- WHAT YOU HAVE TO DO -
Every line containing "share" should be copied out. Go through the entries and find them.

- RECORD EXTRACTS -
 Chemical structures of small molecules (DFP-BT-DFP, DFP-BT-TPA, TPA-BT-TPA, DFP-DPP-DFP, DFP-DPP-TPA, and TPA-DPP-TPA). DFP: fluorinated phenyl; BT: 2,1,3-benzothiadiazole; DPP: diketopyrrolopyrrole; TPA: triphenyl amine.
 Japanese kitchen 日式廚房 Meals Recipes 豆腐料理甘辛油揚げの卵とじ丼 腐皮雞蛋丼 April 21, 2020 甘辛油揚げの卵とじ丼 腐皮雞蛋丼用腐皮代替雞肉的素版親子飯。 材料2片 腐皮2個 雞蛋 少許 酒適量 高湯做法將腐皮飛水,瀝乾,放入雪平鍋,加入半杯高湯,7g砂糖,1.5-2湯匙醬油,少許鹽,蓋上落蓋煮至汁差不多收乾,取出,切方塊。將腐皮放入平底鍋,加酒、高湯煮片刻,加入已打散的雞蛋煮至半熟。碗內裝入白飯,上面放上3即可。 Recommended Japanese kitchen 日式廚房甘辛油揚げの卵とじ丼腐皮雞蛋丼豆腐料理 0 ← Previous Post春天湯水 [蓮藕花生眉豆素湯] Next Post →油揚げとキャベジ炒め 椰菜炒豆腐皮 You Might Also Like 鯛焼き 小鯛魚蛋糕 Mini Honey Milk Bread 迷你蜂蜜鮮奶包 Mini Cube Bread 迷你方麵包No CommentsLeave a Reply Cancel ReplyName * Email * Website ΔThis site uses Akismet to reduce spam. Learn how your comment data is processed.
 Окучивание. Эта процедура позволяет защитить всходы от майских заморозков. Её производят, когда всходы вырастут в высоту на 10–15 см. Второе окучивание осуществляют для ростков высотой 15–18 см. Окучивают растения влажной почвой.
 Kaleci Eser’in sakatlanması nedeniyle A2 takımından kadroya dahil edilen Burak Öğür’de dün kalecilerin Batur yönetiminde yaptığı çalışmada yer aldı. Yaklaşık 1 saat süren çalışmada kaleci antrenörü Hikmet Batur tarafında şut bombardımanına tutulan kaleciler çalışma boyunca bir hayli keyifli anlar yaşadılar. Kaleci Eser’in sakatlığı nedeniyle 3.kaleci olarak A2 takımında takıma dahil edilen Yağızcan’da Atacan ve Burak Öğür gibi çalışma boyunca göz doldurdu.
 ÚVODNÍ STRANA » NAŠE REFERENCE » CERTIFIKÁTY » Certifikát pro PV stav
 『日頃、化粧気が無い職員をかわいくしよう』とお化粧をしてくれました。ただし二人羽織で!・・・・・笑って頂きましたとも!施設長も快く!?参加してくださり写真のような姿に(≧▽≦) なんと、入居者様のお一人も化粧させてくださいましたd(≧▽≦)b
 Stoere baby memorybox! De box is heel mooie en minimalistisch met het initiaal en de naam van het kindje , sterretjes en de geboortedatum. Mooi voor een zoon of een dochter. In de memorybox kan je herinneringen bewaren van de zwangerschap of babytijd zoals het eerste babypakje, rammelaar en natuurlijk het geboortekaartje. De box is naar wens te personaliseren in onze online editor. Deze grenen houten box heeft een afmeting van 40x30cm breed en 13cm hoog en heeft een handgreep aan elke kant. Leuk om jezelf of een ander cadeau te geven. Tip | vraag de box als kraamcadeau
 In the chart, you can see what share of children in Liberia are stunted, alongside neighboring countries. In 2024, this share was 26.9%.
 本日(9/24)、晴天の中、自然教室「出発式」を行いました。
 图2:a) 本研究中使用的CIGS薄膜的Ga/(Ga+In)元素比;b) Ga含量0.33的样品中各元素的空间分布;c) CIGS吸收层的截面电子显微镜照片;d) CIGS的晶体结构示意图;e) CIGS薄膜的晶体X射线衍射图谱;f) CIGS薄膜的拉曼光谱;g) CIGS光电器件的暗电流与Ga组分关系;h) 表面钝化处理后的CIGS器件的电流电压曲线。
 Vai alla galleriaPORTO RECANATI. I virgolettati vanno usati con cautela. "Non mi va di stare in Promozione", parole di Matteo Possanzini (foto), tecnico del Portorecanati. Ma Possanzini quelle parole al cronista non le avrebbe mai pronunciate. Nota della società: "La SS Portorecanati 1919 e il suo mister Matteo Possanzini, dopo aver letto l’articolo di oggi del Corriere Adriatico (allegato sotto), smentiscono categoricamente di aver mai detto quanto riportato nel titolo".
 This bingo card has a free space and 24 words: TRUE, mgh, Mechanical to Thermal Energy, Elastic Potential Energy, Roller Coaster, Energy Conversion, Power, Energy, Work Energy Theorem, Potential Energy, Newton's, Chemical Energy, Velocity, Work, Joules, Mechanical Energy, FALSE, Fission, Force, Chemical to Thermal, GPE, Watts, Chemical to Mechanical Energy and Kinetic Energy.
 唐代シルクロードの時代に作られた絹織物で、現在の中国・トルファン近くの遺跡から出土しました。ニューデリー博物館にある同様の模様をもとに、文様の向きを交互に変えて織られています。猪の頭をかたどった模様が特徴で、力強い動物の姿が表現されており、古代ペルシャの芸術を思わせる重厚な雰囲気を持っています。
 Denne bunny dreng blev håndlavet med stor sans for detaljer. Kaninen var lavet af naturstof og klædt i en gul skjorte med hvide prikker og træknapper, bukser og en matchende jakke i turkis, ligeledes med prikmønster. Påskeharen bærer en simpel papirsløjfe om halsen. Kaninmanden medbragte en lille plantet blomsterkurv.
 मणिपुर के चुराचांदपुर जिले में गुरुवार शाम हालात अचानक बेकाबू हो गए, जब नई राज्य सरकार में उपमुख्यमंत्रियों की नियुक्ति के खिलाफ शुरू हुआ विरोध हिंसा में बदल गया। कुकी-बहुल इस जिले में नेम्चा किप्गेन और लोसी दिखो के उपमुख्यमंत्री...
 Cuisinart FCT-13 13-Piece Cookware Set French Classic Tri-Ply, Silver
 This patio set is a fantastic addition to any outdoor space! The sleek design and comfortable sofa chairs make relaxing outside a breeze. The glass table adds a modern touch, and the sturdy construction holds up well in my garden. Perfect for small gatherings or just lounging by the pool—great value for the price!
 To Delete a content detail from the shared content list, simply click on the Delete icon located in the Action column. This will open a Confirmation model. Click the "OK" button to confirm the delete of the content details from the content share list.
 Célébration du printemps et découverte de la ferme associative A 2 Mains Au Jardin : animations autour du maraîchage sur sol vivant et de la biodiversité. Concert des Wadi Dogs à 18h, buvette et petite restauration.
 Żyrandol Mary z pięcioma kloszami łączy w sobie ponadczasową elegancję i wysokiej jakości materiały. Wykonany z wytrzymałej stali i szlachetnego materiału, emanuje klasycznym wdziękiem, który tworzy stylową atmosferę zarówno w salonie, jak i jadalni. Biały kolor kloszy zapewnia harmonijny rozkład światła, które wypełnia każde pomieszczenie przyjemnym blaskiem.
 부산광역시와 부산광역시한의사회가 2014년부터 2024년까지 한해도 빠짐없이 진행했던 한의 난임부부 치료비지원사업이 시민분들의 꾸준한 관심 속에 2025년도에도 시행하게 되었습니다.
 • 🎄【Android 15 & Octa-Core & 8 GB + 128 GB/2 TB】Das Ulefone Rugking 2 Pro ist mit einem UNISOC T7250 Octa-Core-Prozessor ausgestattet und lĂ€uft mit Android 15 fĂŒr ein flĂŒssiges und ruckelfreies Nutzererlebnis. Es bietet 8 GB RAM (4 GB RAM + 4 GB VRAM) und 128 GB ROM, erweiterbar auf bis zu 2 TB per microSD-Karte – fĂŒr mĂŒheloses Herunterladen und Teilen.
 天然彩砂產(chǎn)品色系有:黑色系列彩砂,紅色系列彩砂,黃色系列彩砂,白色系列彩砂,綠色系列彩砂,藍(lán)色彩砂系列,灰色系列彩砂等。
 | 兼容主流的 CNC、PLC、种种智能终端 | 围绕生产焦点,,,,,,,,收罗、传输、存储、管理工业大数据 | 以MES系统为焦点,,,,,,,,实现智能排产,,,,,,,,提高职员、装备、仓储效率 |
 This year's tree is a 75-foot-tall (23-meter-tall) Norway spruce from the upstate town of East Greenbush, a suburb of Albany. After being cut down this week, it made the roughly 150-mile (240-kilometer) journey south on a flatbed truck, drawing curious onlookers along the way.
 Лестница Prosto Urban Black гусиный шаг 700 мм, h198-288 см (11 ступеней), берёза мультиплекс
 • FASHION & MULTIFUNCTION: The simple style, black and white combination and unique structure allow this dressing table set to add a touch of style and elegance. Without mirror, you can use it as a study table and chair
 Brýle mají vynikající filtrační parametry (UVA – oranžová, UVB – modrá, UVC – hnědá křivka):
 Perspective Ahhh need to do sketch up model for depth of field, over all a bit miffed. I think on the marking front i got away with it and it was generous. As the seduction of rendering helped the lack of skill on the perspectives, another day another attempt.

- ANSWER FOR THIS EXERCISE -
 In the chart, you can see what share of children in Liberia are stunted, alongside neighboring countries. In 2024, this share was 26.9%.
 To Delete a content detail from the shared content list, simply click on the Delete icon located in the Action column. This will open a Confirmation model. Click the "OK" button to confirm the delete of the content details from the content share list.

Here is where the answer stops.